§ Task to carry out: Repeat the data word for word. Do not include the pictures.

=== Data in this exercise ===

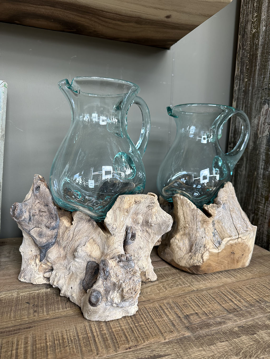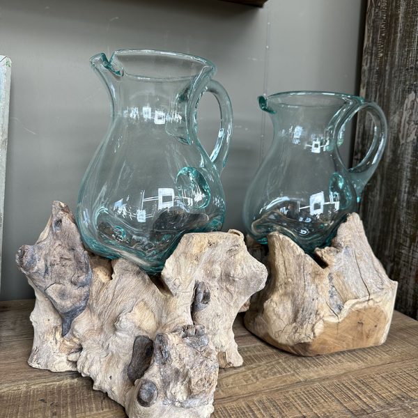Stuk voor stuk uniek zijn deze handgeblazen glazen op grillige houten stronken. Het glas wordt heet op de stronk geplaatst, waardoor het er volledig omheen vormt en elke vorm anders is.
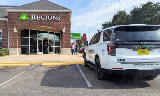 Pictured: The Ensley Branch of Regions Bank on Nine Mile Road minutes after an alleged failed robbery attempt. NorthEscambia.com photos, click to enlarge.
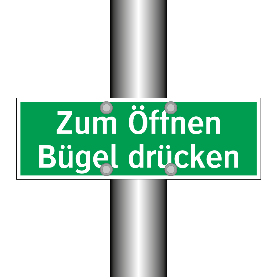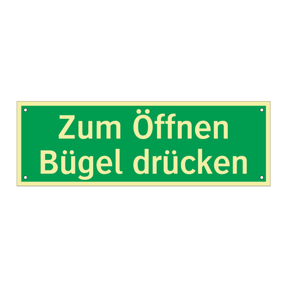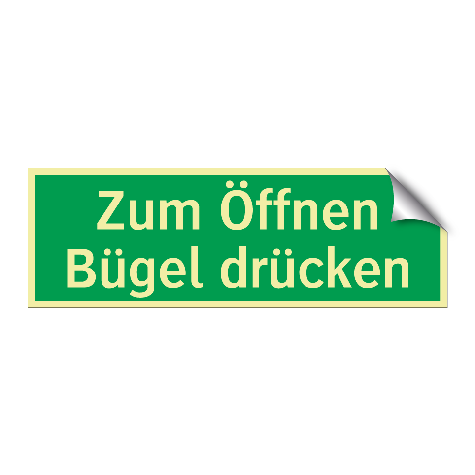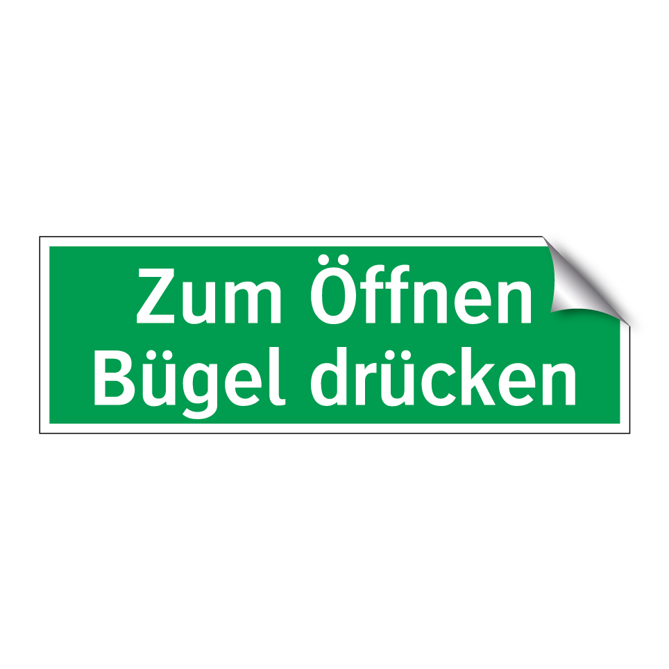 Rettungsschild mit dem Text Zum Öffnen Bügel drücken
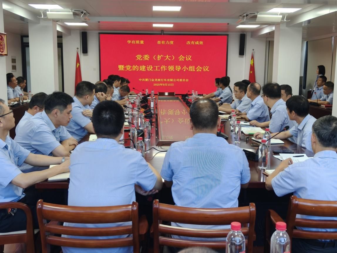 2025年9月15日,金旅客车召开党委(扩大)会议暨党的建设工作领导小组会议,传达学习贯彻习近平总书记关于学习教育的重要指示精神以及中央、省委和上级党组织党的建设工作领导小组会议精神,全面总结公司党委深入贯彻中央八项规定精神学习教育情况,研究部署巩固拓展学习教育成果,锲而不舍落实中央八项规定精神,推进作风建设常态化长效化。金旅客车党委书记、董事长彭东庆主持会议,公司党委委员、中层及以上干部、部分职工代表参加会议。
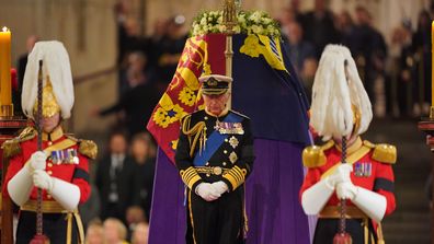 King Charles III, Princess Anne, Prince Andrew and Prince Edward stood with their backs to the flag-draped coffin of Queen Elizabeth II, their heads bowed.
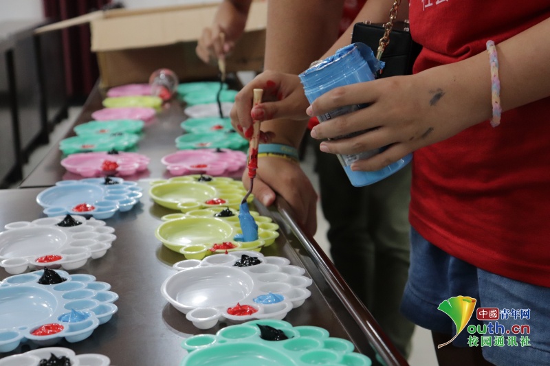 志愿者提前准备绘制所需颜料。中国青年网通讯员 梁艳 摄
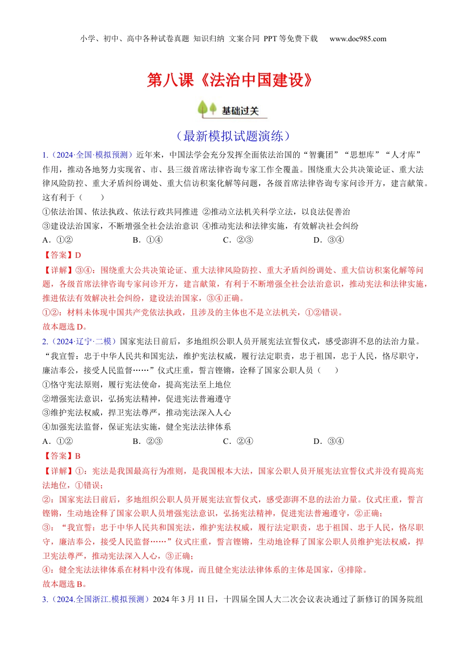小学、初中、高中各种试卷真题知识归纳文案合同PPT等免费下载www.doc985.com第八课《法治中国建设》(最新模拟试题演练)1.(2024·全国·模拟预测)近年来,中国法学会充分发挥全面依法治国的“智囊团”“思想库”“人才库”作用,推动各地努力实现省、市、县三级首席法律咨询专家工作全覆盖。围绕重大公共决策论证、重大法律风险防控、重大矛盾纠纷调处、重大信访积案化解等问题,各级首席法律咨询专家问诊开方,建言献策。这有利于()①依法治国、依法执政、依法行政共同推进②推动立法机关科学立法,以良法促善治③建设法治国家,不断增强全社会法治意识④推动宪法和法律实施,有效解决社会纠纷A.①②B.①④C.②③D.③④【答案】D【详解】③④:围绕重大公共决策论证、重大法律风险防控、重大矛盾纠纷调处、重大信访积案化解等问题,各级首席法律咨询专家问诊开方,建言献策,有利于不断增强全社会法治意识,推动宪法和法律实施,推进依法有效解决社会纠纷,建设法治国家,③④正确。①②:材料未体现中国共产党依法执政,且涉及的主体也不是立法机关,①②错误。故本题选D。2.(2024·辽宁·二模)国家宪法日前后,多地组织公职人员开展宪法宣誓仪式,感受澎湃不息的法治力量。“我宣誓:忠于中华人民共和国宪法,维护宪法权威,履行法定职责,忠于祖国,忠于人民,恪尽职守,廉洁奉公,接受人民监督……”仪式庄重,誓言铿锵,诠释了国家公职人员()①恪守宪法原则,履行宪法使命,提高宪法至上地位②增强宪法意识,弘扬宪法精神,促进宪法普遍遵守③维护宪法权威,捍卫宪法尊严,推动宪法深入人心④加强宪法监督,保证宪法实施,健全宪法法律体系A.①②B.②③C.②④D.③④【答案】B【详解】①:宪法是我国最高行为准则,是我国根本大法,国家公职人员开展宪法宣誓仪式并没有提高宪法地位,①错误;②:国家宪法日前后,多地组织公职人员开展宪法宣誓仪式,感受澎湃不息的法治力量。仪式庄重,誓言铿锵,生动地诠释了国家公职人员增强宪法意识,弘扬宪法精神,促进宪法普遍遵守,②正确;③:“我宣誓:忠于中华人民共和国宪法,维护宪法权威,履行法定职责,忠于祖国、忠于人民,恪尽职守,廉洁奉公,接受人民监督……”仪式庄重,誓言铿锵,生动地诠释了国家公职人员维护宪法权威,捍卫宪法尊严,推动宪法深入人心,③正确;④:健全宪法法律体系在材料中没有体现,而且健全宪法法律体系的主体是国家,④排除。故本题选B。3.(2024.全国浙江.模拟预测)2024年3月11日,十四届全国人大二次会议表决通过了新修订的国务院组小学、初中、高中各种试卷真题知识归纳文案合同PPT等免费下载www.doc985.com织法。为了适应新形势新任务新要求,此次修法增加了国务院性质地位的规定,完善了国务院职权的表述,完善了国务院组成人员相关规定,健全了国务院会议制度以及国务院依法全面正确履行职能的制度措施等。国务院组织法修改的意义()①为全面建设法治政府提供坚实的法治保障②建立健全科学完备的行政执法和司法体制③提高政府治理体系和治理能力现代化水平④保证了国家机关各司其职、协调高效运转A.①③B.①④C.②③D.②④【答案】A【详解】①③:国务院组织法修改,可以为全面建设法治政府提供坚实的法治保障,有利于提高政府治理体系和治理能力现代化水平,①③观点符合题意。②:国务院组织法的修改有利于建立健全科学完备的行政执法,但不是司法体制,②说法错误。④:国务院组织法的修改有利于国务院依法行政,而人民代表大会制度保证了国家机关各司其职、协调高效运转,④不符合题意。故本题选A。4.(2024·全国·模拟预测)2023—2025年,辽宁省将建立行政执法“四张清单”(即不予行政处罚、从轻行政处罚、减轻行政处罚、不予实施行政强制措施清单)动态调整机制,积极推行柔性执法,全面落实“首违不罚”制度,对不涉及生命健康、公共安全、生态环保等领域的首次轻微违法行为实施容错免罚机制。上述举措旨在①规范行政执法行为,提升行政执法质量和效能()②促进严格公正文明执法,实现执法效果最大化③加强行政执法协调监督,完善行政执法工作体系④提...

===

§ Solution to the problem:
Stuk voor stuk uniek zijn deze handgeblazen glazen op grillige houten stronken. Het glas wordt heet op de stronk geplaatst, waardoor het er volledig omheen vormt en elke vorm anders is.
 Pictured: The Ensley Branch of Regions Bank on Nine Mile Road minutes after an alleged failed robbery attempt. NorthEscambia.com photos, click to enlarge.
 Rettungsschild mit dem Text Zum Öffnen Bügel drücken
 2025年9月15日,金旅客车召开党委(扩大)会议暨党的建设工作领导小组会议,传达学习贯彻习近平总书记关于学习教育的重要指示精神以及中央、省委和上级党组织党的建设工作领导小组会议精神,全面总结公司党委深入贯彻中央八项规定精神学习教育情况,研究部署巩固拓展学习教育成果,锲而不舍落实中央八项规定精神,推进作风建设常态化长效化。金旅客车党委书记、董事长彭东庆主持会议,公司党委委员、中层及以上干部、部分职工代表参加会议。
 King Charles III, Princess Anne, Prince Andrew and Prince Edward stood with their backs to the flag-draped coffin of Queen Elizabeth II, their heads bowed.
 志愿者提前准备绘制所需颜料。中国青年网通讯员 梁艳 摄
小学、初中、高中各种试卷真题知识归纳文案合同PPT等免费下载www.doc985.com第八课《法治中国建设》(最新模拟试题演练)1.(2024·全国·模拟预测)近年来,中国法学会充分发挥全面依法治国的“智囊团”“思想库”“人才库”作用,推动各地努力实现省、市、县三级首席法律咨询专家工作全覆盖。围绕重大公共决策论证、重大法律风险防控、重大矛盾纠纷调处、重大信访积案化解等问题,各级首席法律咨询专家问诊开方,建言献策。这有利于()①依法治国、依法执政、依法行政共同推进②推动立法机关科学立法,以良法促善治③建设法治国家,不断增强全社会法治意识④推动宪法和法律实施,有效解决社会纠纷A.①②B.①④C.②③D.③④【答案】D【详解】③④:围绕重大公共决策论证、重大法律风险防控、重大矛盾纠纷调处、重大信访积案化解等问题,各级首席法律咨询专家问诊开方,建言献策,有利于不断增强全社会法治意识,推动宪法和法律实施,推进依法有效解决社会纠纷,建设法治国家,③④正确。①②:材料未体现中国共产党依法执政,且涉及的主体也不是立法机关,①②错误。故本题选D。2.(2024·辽宁·二模)国家宪法日前后,多地组织公职人员开展宪法宣誓仪式,感受澎湃不息的法治力量。“我宣誓:忠于中华人民共和国宪法,维护宪法权威,履行法定职责,忠于祖国,忠于人民,恪尽职守,廉洁奉公,接受人民监督……”仪式庄重,誓言铿锵,诠释了国家公职人员()①恪守宪法原则,履行宪法使命,提高宪法至上地位②增强宪法意识,弘扬宪法精神,促进宪法普遍遵守③维护宪法权威,捍卫宪法尊严,推动宪法深入人心④加强宪法监督,保证宪法实施,健全宪法法律体系A.①②B.②③C.②④D.③④【答案】B【详解】①:宪法是我国最高行为准则,是我国根本大法,国家公职人员开展宪法宣誓仪式并没有提高宪法地位,①错误;②:国家宪法日前后,多地组织公职人员开展宪法宣誓仪式,感受澎湃不息的法治力量。仪式庄重,誓言铿锵,生动地诠释了国家公职人员增强宪法意识,弘扬宪法精神,促进宪法普遍遵守,②正确;③:“我宣誓:忠于中华人民共和国宪法,维护宪法权威,履行法定职责,忠于祖国、忠于人民,恪尽职守,廉洁奉公,接受人民监督……”仪式庄重,誓言铿锵,生动地诠释了国家公职人员维护宪法权威,捍卫宪法尊严,推动宪法深入人心,③正确;④:健全宪法法律体系在材料中没有体现,而且健全宪法法律体系的主体是国家,④排除。故本题选B。3.(2024.全国浙江.模拟预测)2024年3月11日,十四届全国人大二次会议表决通过了新修订的国务院组小学、初中、高中各种试卷真题知识归纳文案合同PPT等免费下载www.doc985.com织法。为了适应新形势新任务新要求,此次修法增加了国务院性质地位的规定,完善了国务院职权的表述,完善了国务院组成人员相关规定,健全了国务院会议制度以及国务院依法全面正确履行职能的制度措施等。国务院组织法修改的意义()①为全面建设法治政府提供坚实的法治保障②建立健全科学完备的行政执法和司法体制③提高政府治理体系和治理能力现代化水平④保证了国家机关各司其职、协调高效运转A.①③B.①④C.②③D.②④【答案】A【详解】①③:国务院组织法修改,可以为全面建设法治政府提供坚实的法治保障,有利于提高政府治理体系和治理能力现代化水平,①③观点符合题意。②:国务院组织法的修改有利于建立健全科学完备的行政执法,但不是司法体制,②说法错误。④:国务院组织法的修改有利于国务院依法行政,而人民代表大会制度保证了国家机关各司其职、协调高效运转,④不符合题意。故本题选A。4.(2024·全国·模拟预测)2023—2025年,辽宁省将建立行政执法“四张清单”(即不予行政处罚、从轻行政处罚、减轻行政处罚、不予实施行政强制措施清单)动态调整机制,积极推行柔性执法,全面落实“首违不罚”制度,对不涉及生命健康、公共安全、生态环保等领域的首次轻微违法行为实施容错免罚机制。上述举措旨在①规范行政执法行为,提升行政执法质量和效能()②促进严格公正文明执法,实现执法效果最大化③加强行政执法协调监督,完善行政执法工作体系④提...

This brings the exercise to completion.